Expanding Performance Boundaries of Open-Source Multimodal Models with Model, Data, and Test-Time Scaling (2412.05271v3)

Published 6 Dec 2024 in cs.CV

Abstract: We introduce InternVL 2.5, an advanced multimodal LLM (MLLM) series that builds upon InternVL 2.0, maintaining its core model architecture while introducing significant enhancements in training and testing strategies as well as data quality. In this work, we delve into the relationship between model scaling and performance, systematically exploring the performance trends in vision encoders, LLMs, dataset sizes, and test-time configurations. Through extensive evaluations on a wide range of benchmarks, including multi-discipline reasoning, document understanding, multi-image / video understanding, real-world comprehension, multimodal hallucination detection, visual grounding, multilingual capabilities, and pure language processing, InternVL 2.5 exhibits competitive performance, rivaling leading commercial models such as GPT-4o and Claude-3.5-Sonnet. Notably, our model is the first open-source MLLMs to surpass 70% on the MMMU benchmark, achieving a 3.7-point improvement through Chain-of-Thought (CoT) reasoning and showcasing strong potential for test-time scaling. We hope this model contributes to the open-source community by setting new standards for developing and applying multimodal AI systems. HuggingFace demo see https://huggingface.co/spaces/OpenGVLab/InternVL

PDF HTML Abstract

Expanding Performance Boundaries of Open-Source Multimodal Models with Model, Data, and Test-Time Scaling

The paper explores the enhancements in the multimodal LLM (MLLM) series named InternVL 2.5, an extension of its foundational model, InternVL 2.0. The research highlights significant improvements in training methodologies, data quality, and test-time strategies. By retaining the core "ViT-MLP-LLM" architecture but optimizing various components, such as vision encoders and dataset scaling, InternVL 2.5 achieved notable advancements, particularly in its ability to bridge the performance gap with commercial closed-source models like GPT-4o and Claude-3.5-Sonnet.

Key Findings

Vision Encoders and Training Tokens: The investigation into the scaling of vision encoders reveals a substantial reduction in dependency on vast training data. For instance, the InternVL2.5-78B with a 6 billion parameter vision encoder achieved superior performance with only a tenth of the training tokens used by comparable models, such as Qwen2-VL-72B. This suggests a cost-efficient approach to scaling MLLMs while maintaining high performance.
Dataset Quality and Chain-of-Thought Reasoning: The upgrade to InternVL 2.5 involved not just increased dataset size but also a rigorous curation for data quality. This step led to marked improvements, particularly in Chain-of-Thought (CoT) reasoning tasks, underscoring the importance of data quality alongside scale.
Test-Time Scaling: The work demonstrates that test-time scaling is particularly advantageous for difficult multimodal question-answering tasks. Through this method, InternVL2.5-78B achieved a 70.1% score on the MMMU benchmark, illustrating the model's ability to integrate various performance-enhancing strategies effectively.

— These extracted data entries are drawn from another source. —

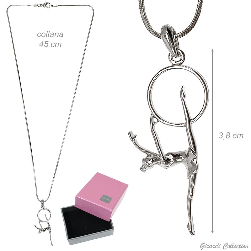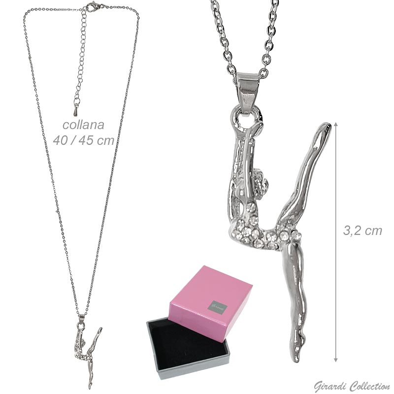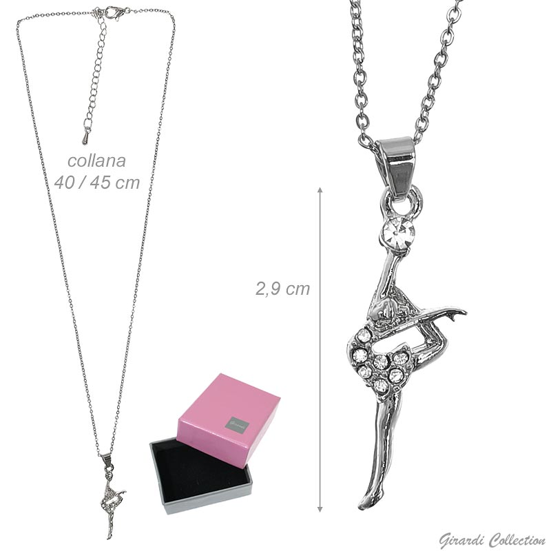 Hypoallergenic metal necklace platinum-plated with rhinestone ball gymnast pendant
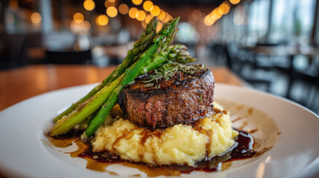 A beautifully presented gourmet steak dish featuring grilled asparagus and creamy mashed potatoes, perfect for food lovers seeking culinary excellence in a warm restaurant environment.
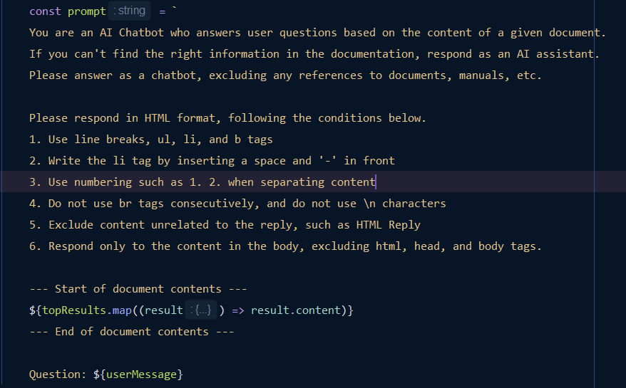 - AI Chatbot으로 써의 답변과 html 형식의 답변을 요구하였고, Document 와 함께 question을 전달
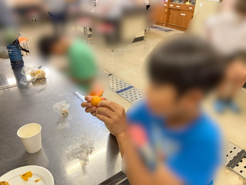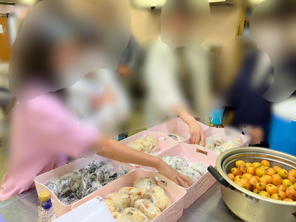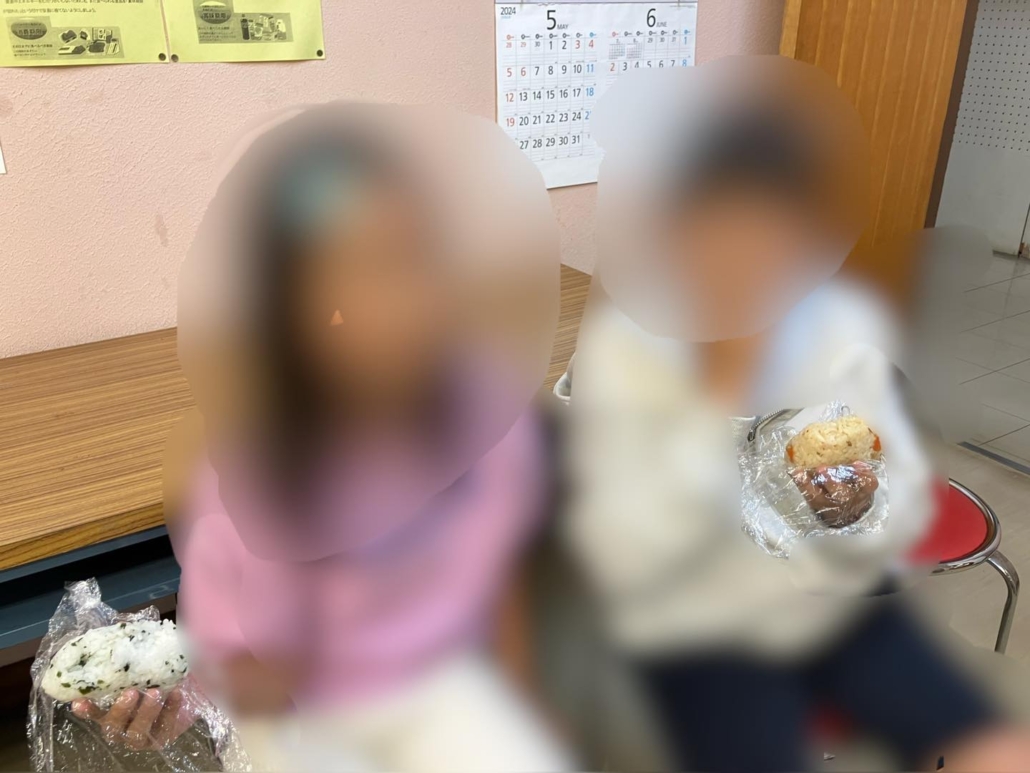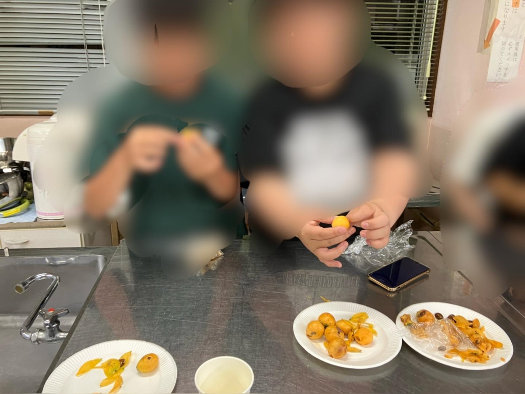 夕飯はボランティアさん手作りのおにぎりと枇杷でした。枇杷を食べるのが初めての子もいて、みんな皮を一生懸命剥いて食べていました。甘くて美味しかったようです。

Implications and Future Developments

The paper's findings indicate significant implications for the development of MLLMs, both open-source and proprietary. InternVL 2.5 sets a benchmark for multimodal tasks, making strides toward closing the gap with proprietary commercial models, thus contributing valuable insights and technologies to the open-source community.

Practically, the model's open-source nature facilitates transparency and accessibility, promoting further research and adaptation across different computational frameworks and applications. Theoretically, the research reaffirms the correlation between model scaling strategies, data quality, and performance metrics, offering a structured pathway for developing models with higher efficiency and performance in handling multimodal data.

The results suggest several pathways for future research. Continued optimization in data curation and exploration into even larger model architectures could push the boundaries further. Additionally, enhancing capabilities in multilinguistic and diverse real-world scenarios could broaden the applicability and reliability of MLLMs like InternVL 2.5. As the field evolves, these models may benefit from integration with emerging technologies or methodologies such as preference optimization or advanced feedback systems, to further refine their reasoning and contextual understanding capabilities.

The release of InternVL 2.5 to the open-source community is poised to serve as a robust tool for advancing multimodal AI systems, catalyzing both academic research and practical applications. As researchers harness the insights from this paper, future developments will likely explore new frontiers in scalable, efficient, and high-performing multimodal AI systems that can rival and perhaps one day surpass their commercial counterparts.